Saturday, February 4, 2017

GALINA SEDOVA’S BULGAKOV. CCCXIV.


Strangers in the Night.
A. A. Blok. Madness.
The Mystical Novel.

…There was an Omen and a Miracle:
In the undisturbed silence,
Judas rose among the crowd,
In a cold mask, upon a horse…

Alexander Blok. Verses About a Fair Lady. II.

On the same day in September 1902, Blok writes another untitled poem:

Within my soul, secret letters were revealed…
Each day brings me new changes.
Oh, how alive I am, how vibrant is my blood!
I am at home with underground springs!
Moments of mysteries! – I’ve understood you!
I am with you! I am behind you! –
I have revealed you, sacred letters…

How harmonious this is with Bulgakov’s lines in Chapter 13 Appearance of the Hero:

Ach, that was the Golden Age! – whispered the storyteller [master], his eyes sparkling… Having won 100,000 rubles, Ivan’s mysterious guest did the following: He bought books, dropped his room on Myasniskaya Street and rented from a developer in a side street off Arbat two rooms in the basement of a small house in a little garden… tiny windows right over the walkway leading from the gate…”

Master is happy just like Blok is happy in his poem, because not only is master writing his novel Pontius Pilate, but, as the reader knows, he has made a correct guess about his character. Blok expresses it in the following way:Within my soul, secret letters were revealed…and also: “Moments of mysteries! – I’ve understood you!
It also becomes clear from the following poem why Bulgakov makes master’s residence a basement:

I would wake up and I’d ascend
The dark steps toward the window…

And here is Bulgakov in Master and Margarita:

In winter, I very seldom saw in the little window somebody’s black feet, and heard the crunching of snow under them…

The same poem also explains Margarita’s visits to master:

And every day I was expecting guests,
And listened to rustlings and knocks.
And was often startled through the night,
And awakened by footsteps,
Ascended toward the window [sic!]…

Bulgakov’s Margarita comes to see master not at midnight, but at noon, after master has had a good sleep. Just like Blok in the quoted poem, master also apprehensively listens to each “rustle and knock:”

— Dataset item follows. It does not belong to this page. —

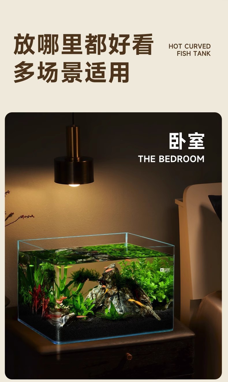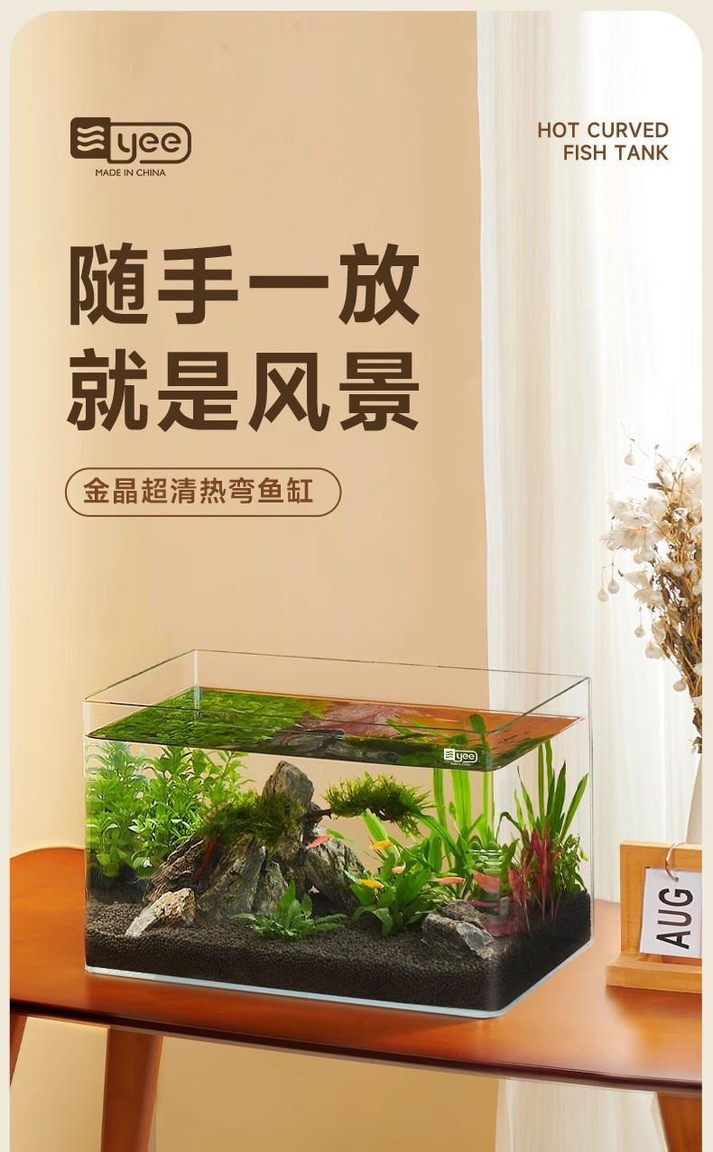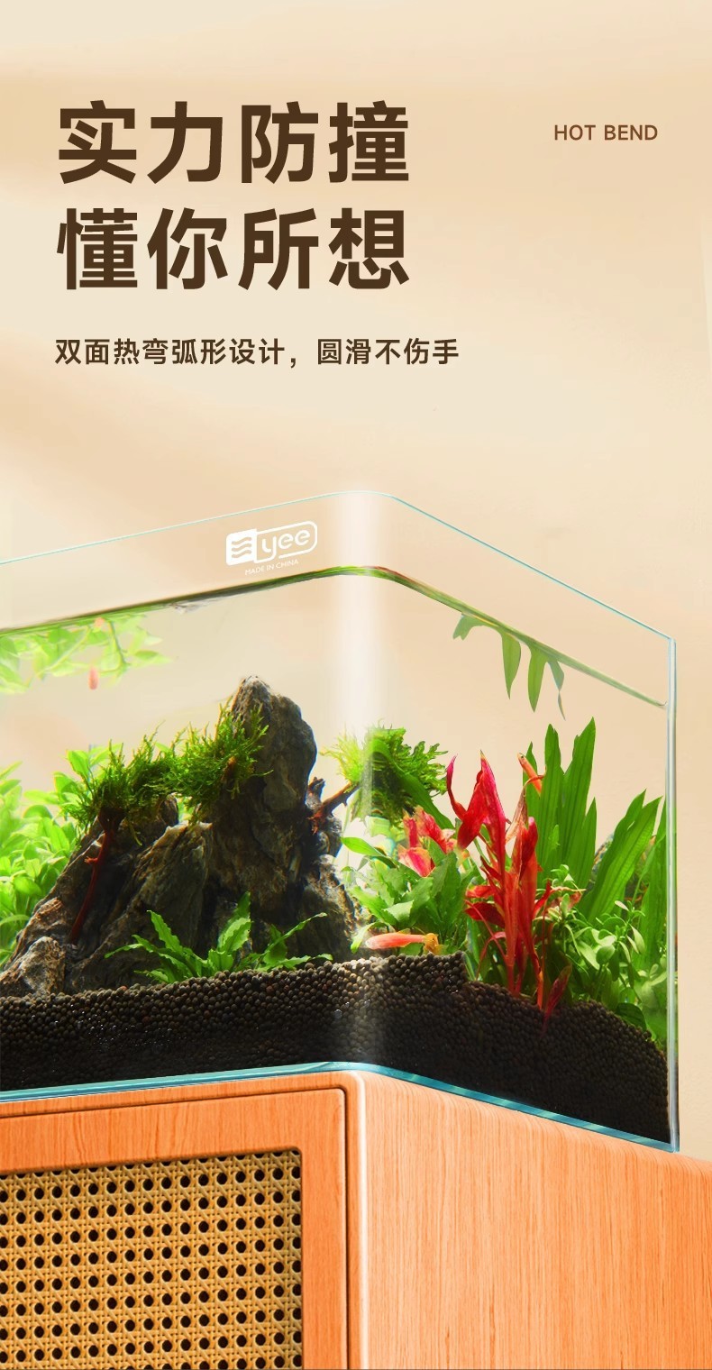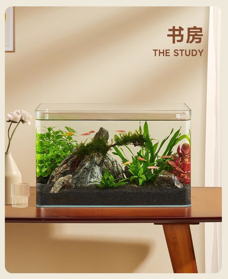 严选超清玻璃热弯鱼缸【40x24x25CM】桌面小型水族箱客厅水草造景生态缸1个

…Ten minutes before [noon], I would sit down by the little window and start listening [sic!], whether the decrepit gate would make noise… The gate would knock, the heart would knock. She would enter the gate just once, but I would experience no less than ten poundings of the heart before that. And then, when her time would come, and the minute hand would point to noon, [the heart] would never stop pounding until without a noise, almost silently, the shoes with black suede bows, tied by steel buckles [sic!], would come level with the window. Sometimes she played for fun and taking her time by the second small window, she would knock on the window glass with her toe. That very second I would find myself at that window, but the shoe and the black silk would vanish – then I would go to open the door.

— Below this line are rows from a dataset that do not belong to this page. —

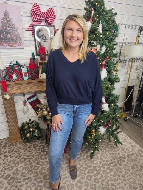 An effortlessly chic lightweight sweater that blends comfort with versatility. Featuring a relaxed dolman silhouette, deep V-neckline, and wide ribbed hem and cuffs, this pullover drapes beautifully for a flattering, easy fit. Perfect for layering across seasons - pair it with denim for a casual day look or elevate it with trousers for a polished finish.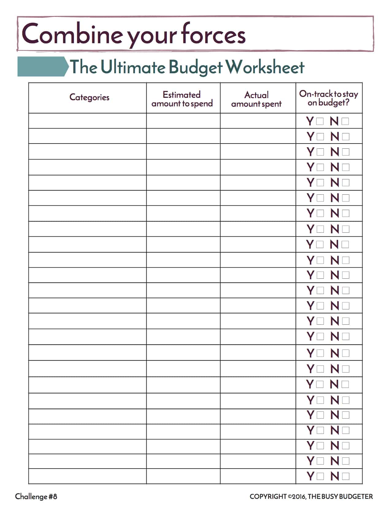 - How should I keep track of my budget once I have completed the challenge? Use this Monthly Maintenance Pack.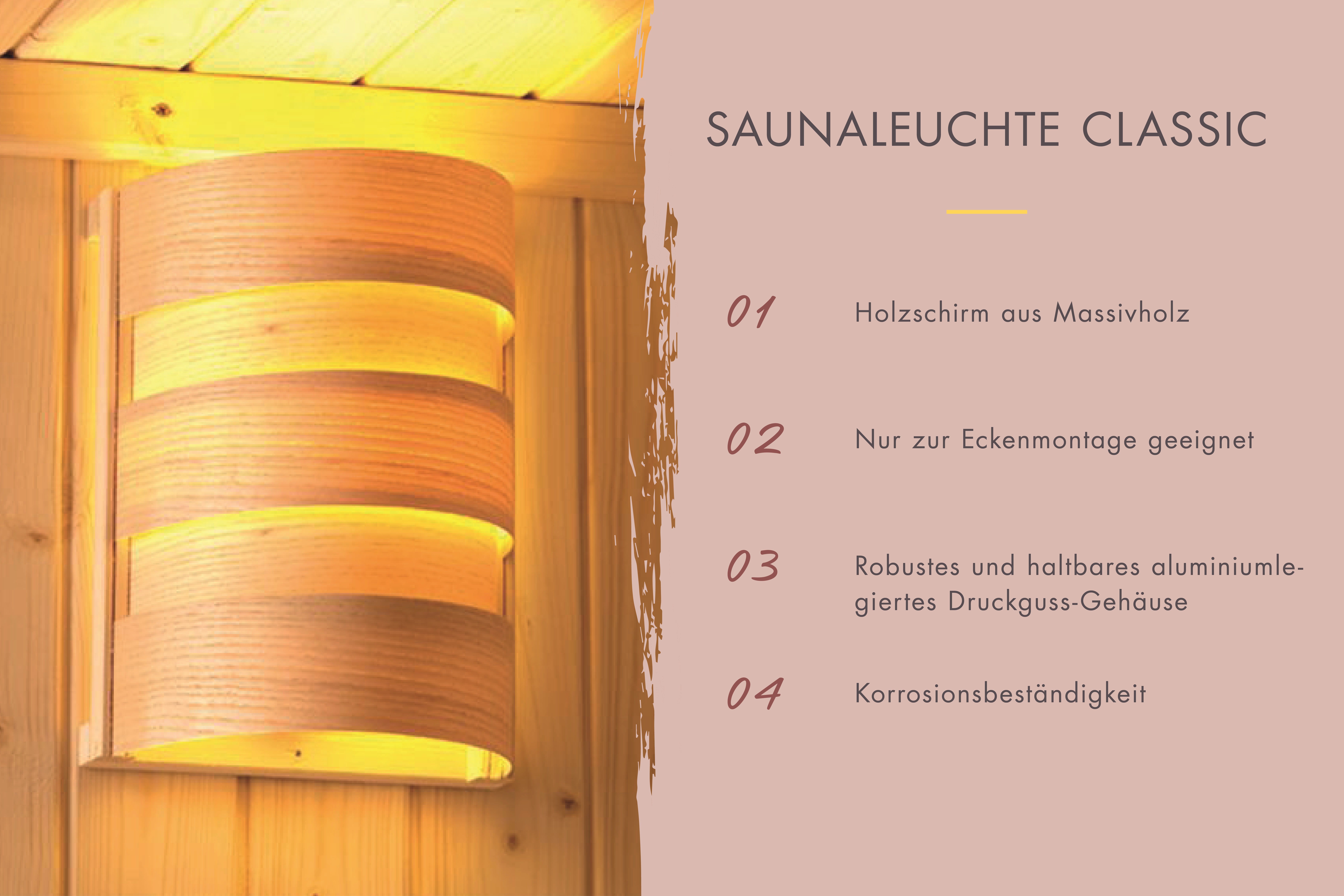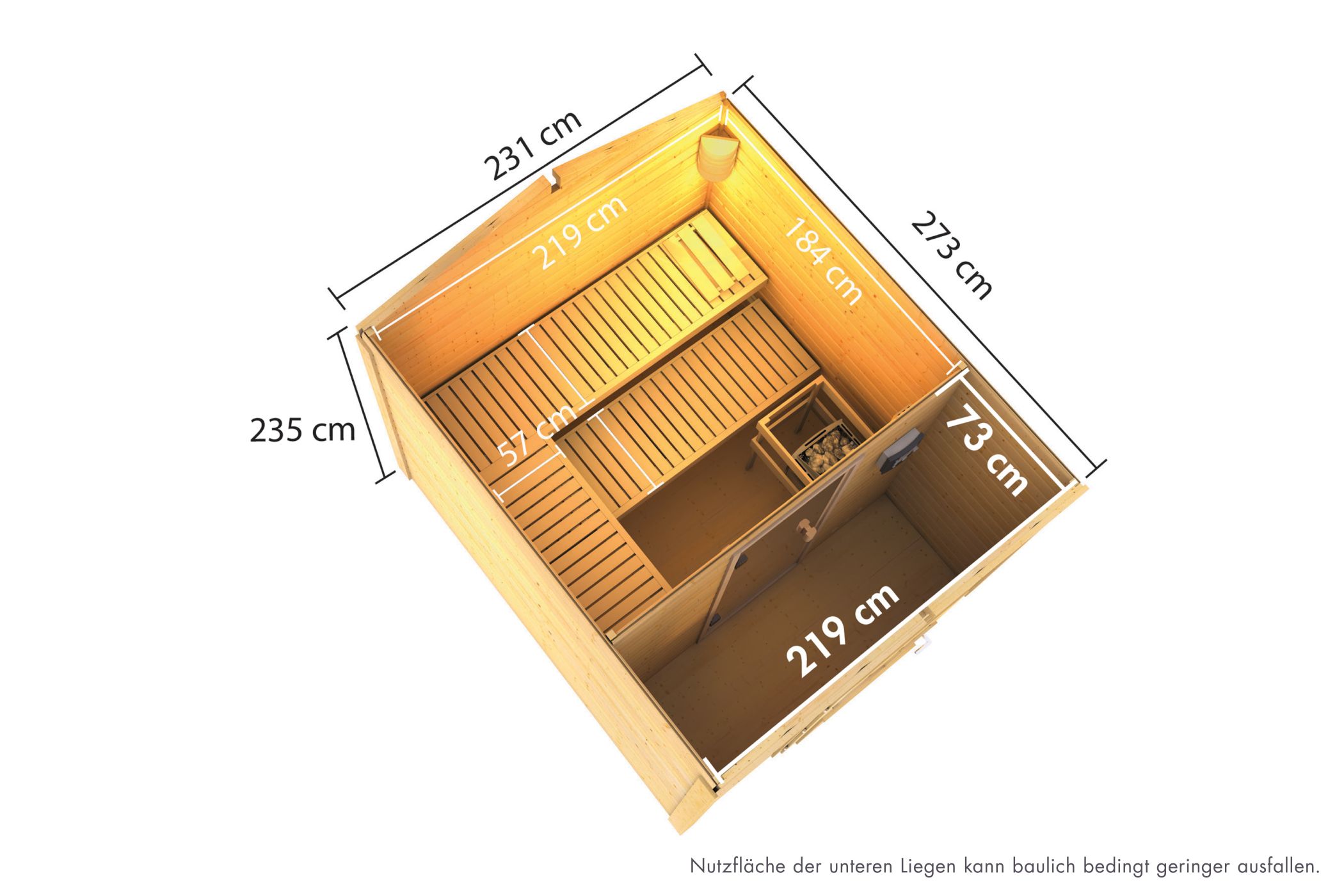 Das Saunahaus besteht aus 38mm starken Massivholzbohlen aus nordischer Fichte und wird im einfachen Steck- und Schraubsystem montiert, welches eine schnelle Montage des Saunahauses ermöglicht. Der Saunainnenraum verfügt über 3 Saunaliegen aus Espenholz, welche für ein besonders angenehmes Sitz- und Liegegefühl sorgen. Durch unser optional erhältliches Zubehör, wie die Kopfstütze-Premium, eine ergonomische Rückenlehne oder ein LED-Farblicht, können Sie Ihre Sauna nach Belieben ausstatten. Schaffen Sie sich ganz einfach Ihre persönlich perfekte Wellness-Oase. Abgetrennt werden die Räume durch eine bronzierte Ganzglastür mit Einscheibensicherheitsglas. Das Dach besteht aus Massivholz und wird im Saunabereich durch eine Rahmenkonstruktion mit Mineralwolldämmung verstärkt. So kann keine Wärme aus der Saunakabine entweichen.

In Blok’s poem, the word “knocks” is repeated twice, whereas in Bulgakov, it is repeated six times so that it may catch better attention to itself. Bulgakov also writes:

“…And just imagine: at the level of my face, outside my little window, someone’s dirty boots…”

Also pointing in the direction of Blok are the words “black silk.” Blok’s signature in many of his poems. Thus in the poetry collection Faina (1906-1908), there are quite a few examples of that:

n  “…you are smothering with black silks…”;
n  “…your dark silk is teasing me…”;
n  …and I spent a year of madness at the black dress train…”;
n  …she tightly ties her black silken kerchief…”; etc.

In the 2nd cycle of the Verses About a Fair Lady Blok keeps following the mystical theme:

It was a late and crimson evening,
The herald star rose in the sky.
A new voice was crying over the abyss –
A Virgin has given birth to an infant…

In this poem, Blok produces a legend:

…There was an Omen and a Miracle:
In the undisturbed silence,
Judas rose among the crowd,
In a cold mask, upon a horse…

This omen is echoed by Bulgakov in his sub-novel Pontius Pilate already in the 2nd chapter of Master and Margarita:

Abhorrent city! – suddenly and for some reason mumbled the procurator, and he shrugged his shoulders, as though feeling a chill, and he rubbed his hands as though washing them. – Had you been slaughtered before your meeting with Judas from Kyriath, you would surely have fared better...

I was always struck by this phrase, which now finds its explanation in Blok’s poetry. But the phrase right before it struck me even more. Pilate “shrugged his shoulders, as though feeling a chill, and he rubbed his hands as though washing them.” Obviously, Bulgakov wanted to convey something important here, but that would be discussed in a different chapter: The Garden.

***

Blok closes his poem with the following words, alluding to the Adoration of the Kings at Christ’s birth:

The kings, filled with concern,
Sent the news to all corners,
And the messengers saw a smile
On the lips of [Judas] Iscariot.

It is quite possible that the whole unusual story of Bulgakov’s Pontius Pilate is based on this Blokian poem. So far, this remains a puzzle to me.